If you wouldn't mind being a little more specific about about the tea bags vs
raw ingredients, I'd like to incooperate this in some way but I'd like to get
a little more detail on what exactly your view is here. just drop me a line at
justin@entitea.com

As for the searching, I plan to add a smarter search very soon, so that it can
recommend other keyword searches based on what your original search was for
(ie searching for assam will suggest searching for 'black tea', and so on)

------
chandler
I do like the idea; however, the site has aesthetic flaws that need to be
addressed.

Notice a site like adagio.com (which sells loose teas): earthy colors combined
with attractive closeups of leaves & herbs.

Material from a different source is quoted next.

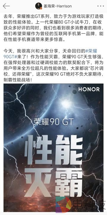正如荣耀终端有限公司中国区CMO姜海荣所讲,荣耀GT系列致力于为游戏玩家打造极致的性能体验,助力荣耀重返互联网第一品牌宝座。自上一代荣耀80 GT小试牛刀收获众多好评后,此次天命回归的荣耀90 GT更懂用户所需,打造“性能灭霸”级的诚意之作,以绝对实力制霸性能战场。12月21日新机登场,定不负大家期待!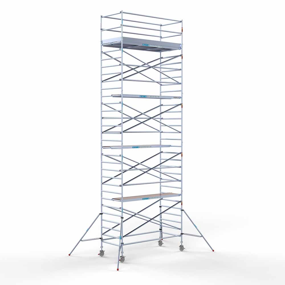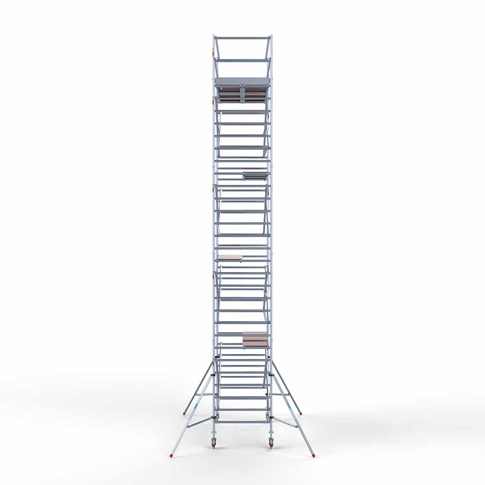 Kies de juiste werkhoogte voor uw rolsteiger. Werkhoogte wordt als volgt berekend: de hoogte van het hoogste platform plus de gemiddelde hoogte van de handen als een persoon met omhoog gestrekte armen werkt (hiervoor rekenen we 2 meter). De formule om de werkhoogte te berekenen is dus: platformhoogte + 2 meter.

As a tea drinker, the design & color scheme you've chosen really does put me
off. Remembering that tea is typically made by steeping leaves, buds, and
flowers from nature itself, the abstract graphics and pale blue/white motif
feels wrong.

Also, the example recipe on the front page (in addition to many of the
contributed recipes) remind me of noncarbonated sodas (or nonalcoholic
cocktails), not teas; very sugary, and reliant on extracts and juices (whipped
cream?) for flavor. Perhaps you could seed the "teas" section with actual tea
blends?

------
rkowalick
The website is gorgeous and the interface is fantastic.

Honestly, the main problem with this website is that gourmet tea lovers don't
use recipes. They buy rare and expensive teas and use time-tested ancient
brewing methods to get the most out of their treasures.

If you want to cash in on a niche connoseuir [sp?] market, you need to cater
to the people who are willing to spend the big bucks to get quality teas.
People looking for cranberry chai tea will produce a lot less revenue than
those looking for a rare cake of pu-erh tea that is over 80 dollars.

I would say to angle it more towards quality tea and reviews of such tea, not
a search engine for recipes.

Check out teaforum.com to learn more, and if you have any questions, ask.

------
davidw
Is that a big enough niche to make any money from?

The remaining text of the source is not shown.